Тырчак рассказывает сыну о том, что черниговское княжение предсказали Гореславу волхвы. А значит, сбудется и то, что потомки хана будут владеть всей Русью. Хан надеется, что под потомками волхвы подразумевали Охурта.
Из-под мостков выскакивают убийцы. Ловец убивает Тырчака, Охурту удается скрыться.
Ловец раздосадован неудачей. Следуя (как мы узнаем позже) инструкции Гореслава, он расправляется со своими подельниками.

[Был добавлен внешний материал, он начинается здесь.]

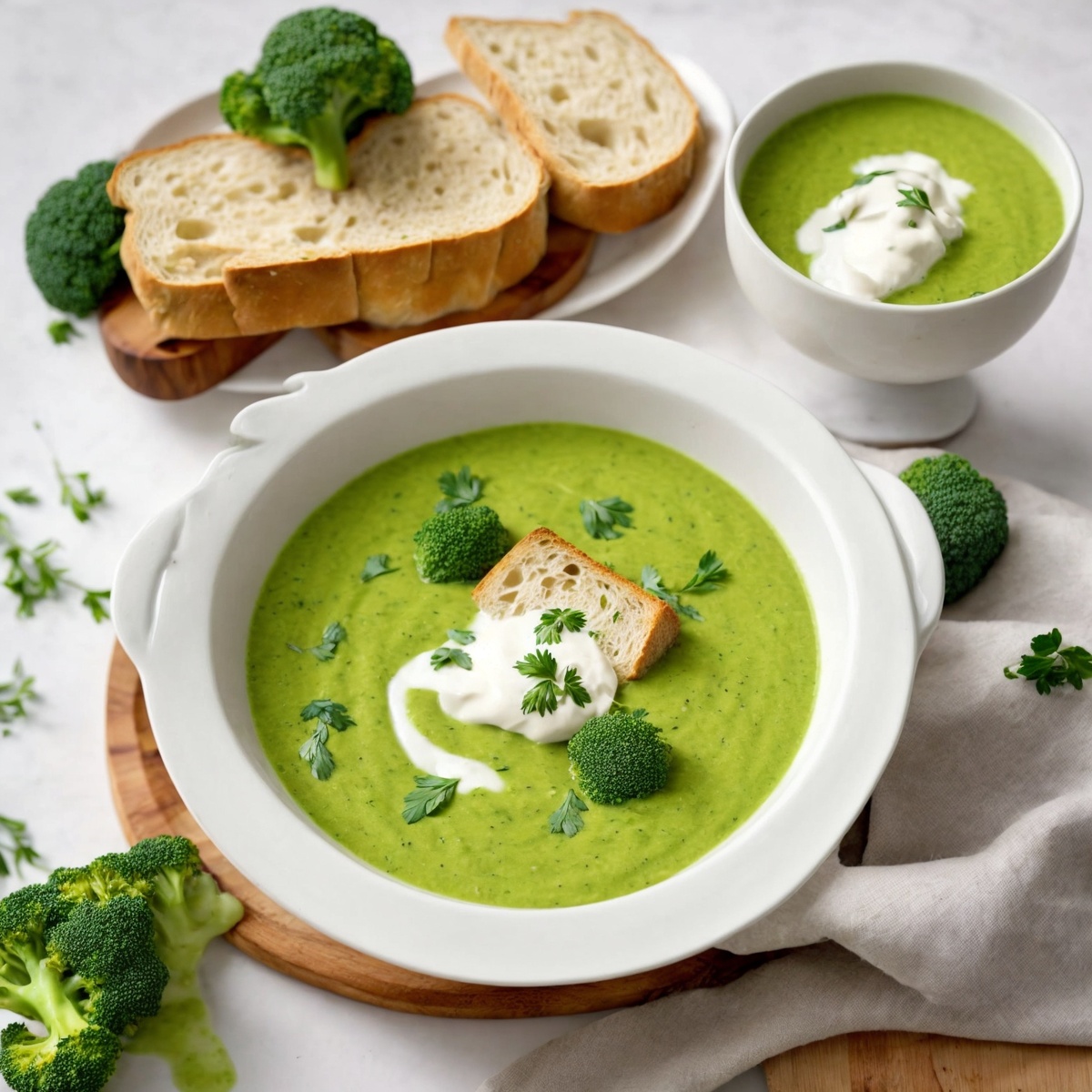 Ингредиенты: - 500 г брокколи - 1 картофелина - 1 луковица - 2 зубчика чеснока - 1 л овощного бульона - 100 мл сливок - Соль и перец по вкусу - Оливковое масло для жарки Рецепт: 1. Нарежьте лук и чеснок мелкими кубиками. В кастрюле разогрейте оливковое масло и обжарьте лук и чеснок до прозрачности. 2. Добавьте очищенный и нарезанный кубиками картофель и брокколи, залейте овощным бульоном. Доведите до кипения и варите на среднем огне 15-20 минут до мягкости овощей. 3. Снимите кастрюлю с огня и с помощью блендера измельчите суп до однородной консистенции. 4. Верните суп на огонь, добавьте сливки, соль и перец. Прогрейте, но не доводите до кипения. 5. Подавайте горячим с хрустящими гренками.
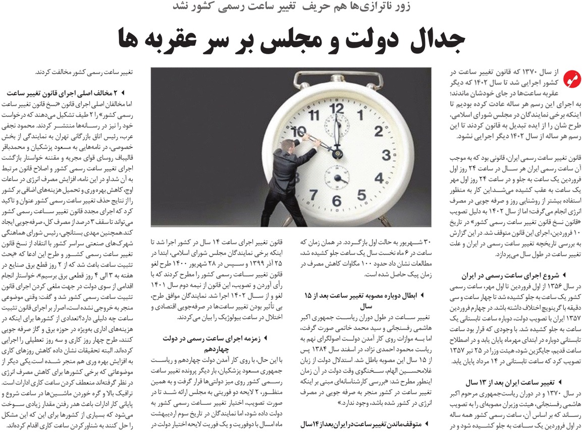 روزنامهٔ مواجهه: جدال دولت و مجلس بر سر عقربهها
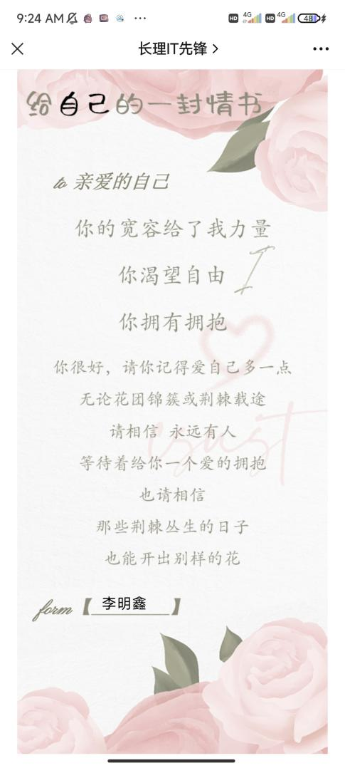 5月25日,计通学院推出了专业特色设计的一款交互式互动推送体验活动。点开推送,选择关键词,便能生成一封给自己的情书。称谓“亲爱的自己”让人探索自己的内心世界,寻找真实的自我。落款是自己的名字,在这个过程中,他们体验到了情感的真实和力量的激发。这些情书不仅是纸面上的文字,更是同学们内心深处的情感的抒发。
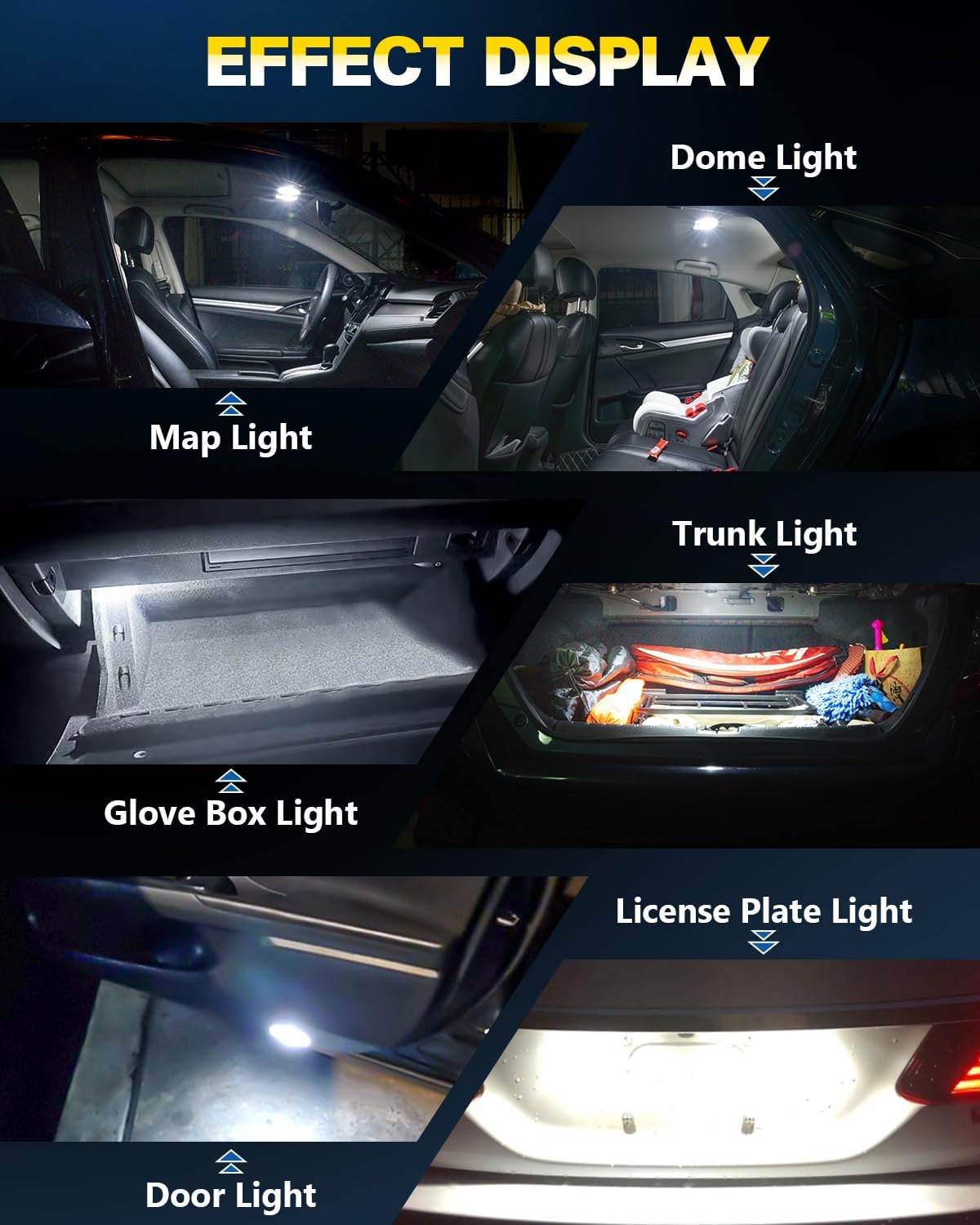 【97% Vehicle Compatibility】: Compatible with multiple LED bulb models including T10, 194, 168, 147, 152, 158, 159, 161, 175, 184, 192, 193, 2825, W5W. Suitable for various vehicle positions such as license plate lights, car interior door lights, RV interior lights, dome lights, parking lights, side marker lights, trunk lights, courtesy lights, map lights, glove box lights, and more, offering a bright upgrade to refresh your car’s appearance.
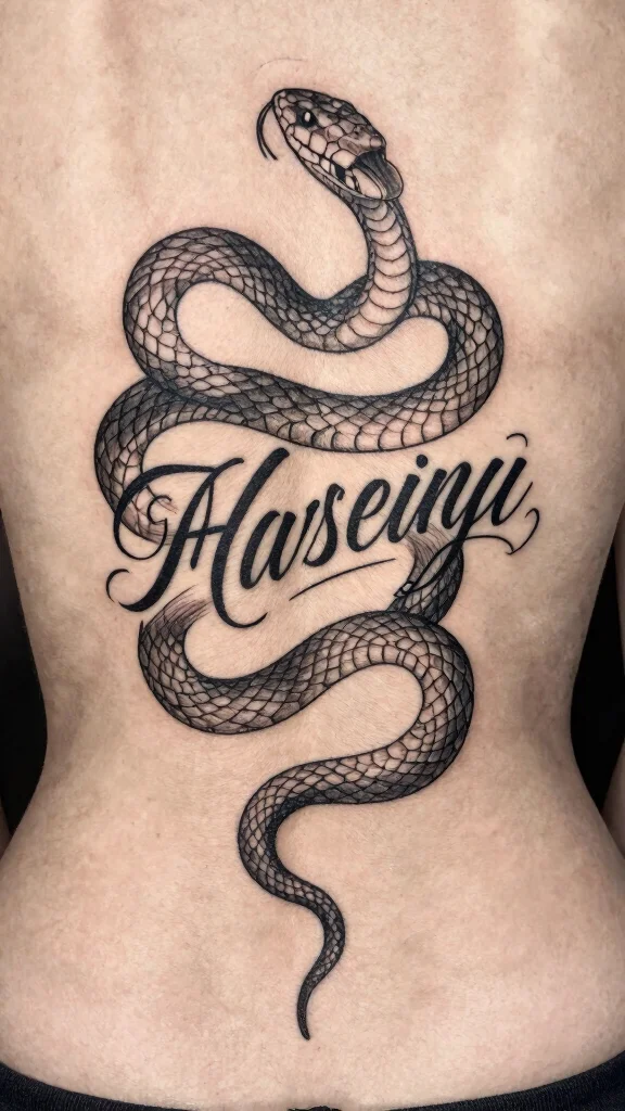 Incorporating script into a snake tattoo adds a personal touch, whether it’s a mantra, name, or date. The snake can elegantly coil around the text, creating a harmonious blend of design and meaning. Choosing elegant fonts and thoughtful placement can make this tattoo not only beautiful but also a cherished reminder of what matters most.

31. НОЧЬ. ТЕРЕМНОЙ ДВОР В ЧЕРНИГОВЕ.
Пылают факелы. Пирующие расселись во дворе, на расстеленных по земле, коврах. Для Гореслава из терема вынесли кресло.
Борис дает знак платком. Состязание начинается.
Борис указывает Гореславу на кресло. Тот уступает его княгине. Сам он хочет сесть «меж друзей, как бывало в поле, во время бранное».
Вспоминают о Тырчаке. Гореслав шутливо говорит, что хан нанес ему обиду, не явившись на пир. Бояре наперебой предлагают Гореславу сесть с ними, указывают на свободное место.
Но Гореслав видит на этом месте - улыбающийся труп Тырчака. Он начинает разговаривать с ним. Его поведение пугает бояр.
Княгиня пытается успокоить и мужа и гостей. Объясняет, что с князем такое случается, но приступы недолги.
На дворе появляется с пеной на губах красный и задыхающийся Малк. Он выиграл состязание.
Гореслав уже пришел в себя, он жалует победителя конем из своей конюшни. Пьют круговую чашу. Гореславу вновь чудится труп Тырчака. Он опять заговаривает с ним:
- Сгинь, нечисть!
Гореслав хватает кубок и запускает им в Тырчака. Среди бояр замешательство.
Борис уводит Гореслава в терем. Княгиня извиняется перед гостями за нездоровье мужа. Все встают и расходятся.
Бояре Славомир и Радомил шепотом переговариваются. У них рождается подозрение в том, что совесть Гореслава нечиста.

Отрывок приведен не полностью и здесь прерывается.